没後約17年を経て、鮮烈なパフォーマンスはいまだ人々の記憶に刻まれる。 マイケルに人生を変えられたふたりが、彼の独自の才能を語り合った。
スーパースターが登場した衝撃
──世紀のスーパースター、マイケル・ジャクソンは何が凄かったのか? 音楽とダンスの両面から彼の「特異点」について語っていただきます。まずは、おふたりのマイケル初体験をお聞かせください。
西寺郷太(以下、西寺) 小学校4年生、1983年の初夏です。マイケルが初めてムーンウォークをやった『モータウン25』のビデオが最初。
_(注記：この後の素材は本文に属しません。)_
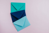 Kolorowe koperty papierowe na jasnym tle. Nowa poczta, napisz wiadomość. Wysyłaj i otrzymuj listy. Poczta. Pusta koperta, puste miejsce. Komunikacja, papierkowa robota. Zbliżenie koperty
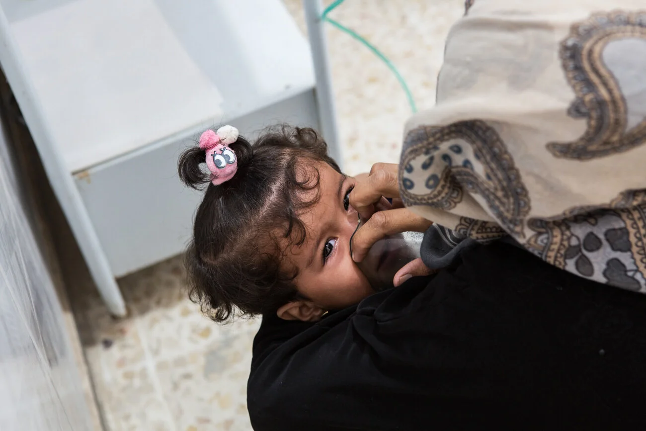 Sheltering from the rain in an abandoned building in al-Khayala, Kheffe Mahmoud says the mobile clinic is one of the only visible presences of aid from the outside world: “They are the only ones helping us in this area. We are abandoned. The world forgot us.”
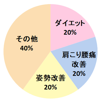 ダイエット、肩こり腰痛の改善、姿勢改善等、利用目的も様々。健康で美しく、自分らしく年齢を重ねたい方に選ばれているスタジオです。
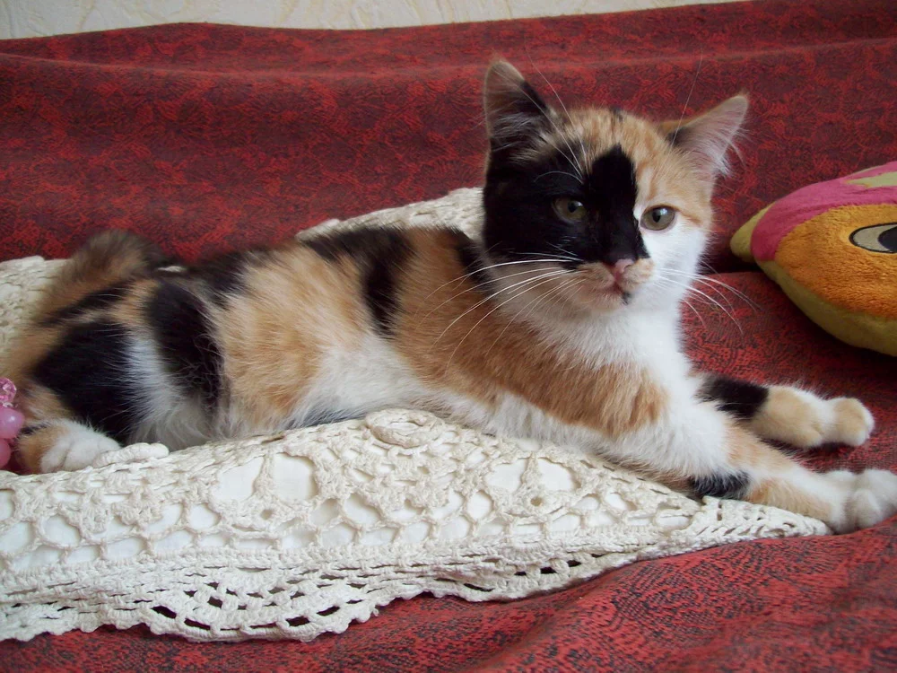 спокойная, ласковая, нежная девочка 3хцветочка, прекрасная мурчащая подушка)) желает встретить новый год уже в новом доме!!!
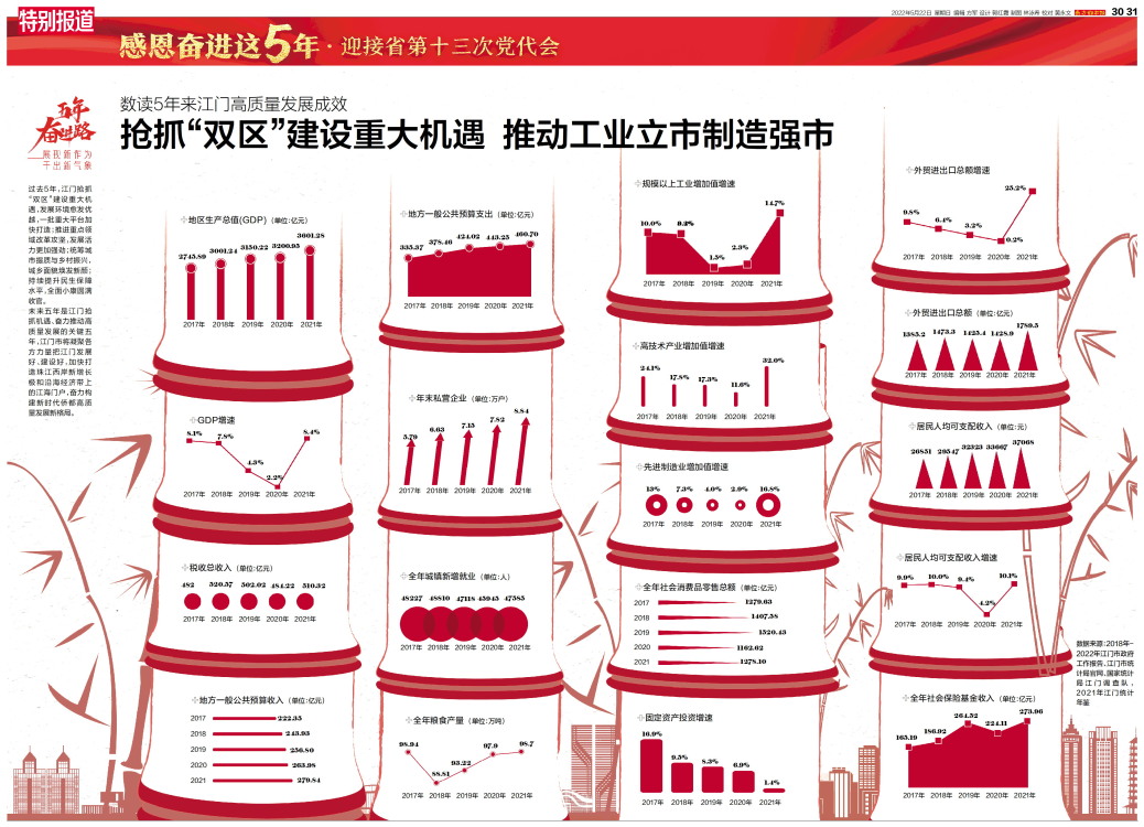 过去5年,江门抢抓“双区”建设重大机遇,发展环境愈发优越,一批重大平台加快打造;推进重点领域改革攻坚,发展活力更加强劲;统筹城市提质与乡村振兴,城乡面貌焕发新颜;持续提升民生保障水平,全面小康圆满
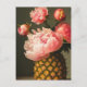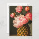Un bouquet de pivoines roses dans un vase en forme d'ananas
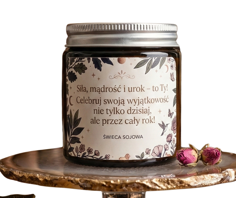 Szukasz wyjątkowego pomysłu na prezent, który wyrazi więcej niż tysiąc słów? Odkryj naszą unikalną świecę zapachową o pojemności 120 ml, stworzoną po to, by inspirować i dodawać energii. Zdobiąca ją etykieta z pięknym, motywującym przesłaniem: „Siła, mądrość i urok – to Ty! Celebruj swoją wyjątkowość nie tylko dziś, ale przez cały rok”, czyni z niej idealny podarunek na Dzień Kobiet, urodziny, rocznicę lub po prostu upominek bez okazji – dla kogoś bliskiego lub dla siebie.
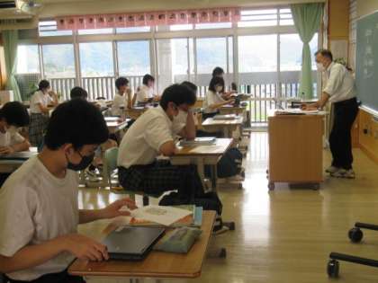 社会では、災害への備えで優先すべきことは何なのか、自分の考えをワークシートにまとめていました。

「今夜はビート・イット」や「ビリー・ジーン」、特に12月に公開されたゾンビと踊る「スリラー」は小学校でも大流行しました。
TAKAHIRO(以下、上野) 私は世代が少し下なので、存在を知ったのは1999年、18歳でした。大きな白い幕に影が映し出されて「スムーズ・クリミナル」を踊るツアーのビデオです。初めて見た外国人歌手の映像でした。
──西寺さんは最初に聴いたときから「うわ、すげぇ」って感じだったんですか?
西寺 僕はもともと『ザ・ベストテン』などの歌番組に夢中で、80年代当時のアイドル歌謡曲が大好きな子供でした。田原俊彦さん、松田聖子さんとか。色んな音がイントロから華やかに始まって詰まっている“幕の内弁当”的な日本のヒット曲と違って、マイケルの「ビリー・ジーン」は、ドラムとベースだけで始まる無骨さに衝撃を受けました。
──同じ時代だとプリンスの「ビートに抱かれて」なんかも穴だらけのスカスカですよね。日本のポップスとは音楽の文法が全く違います。では、ダンサーである上野さんにとってのマイケルとなると……。
上野 やはりムーンウォークです。重力などないかのように地面を滑る動き! 魔法の世界が現実に起きていることが衝撃的でした。ビデオを再生しては真似をしたものです。加えて言うならば、マイケルの踊りはもう一段階深いシルエットの世界を見せているとも感じました。究極の洗練とも呼ぶべきものです。マイケルはその先に新しいオリジナリティを生み出しているんです。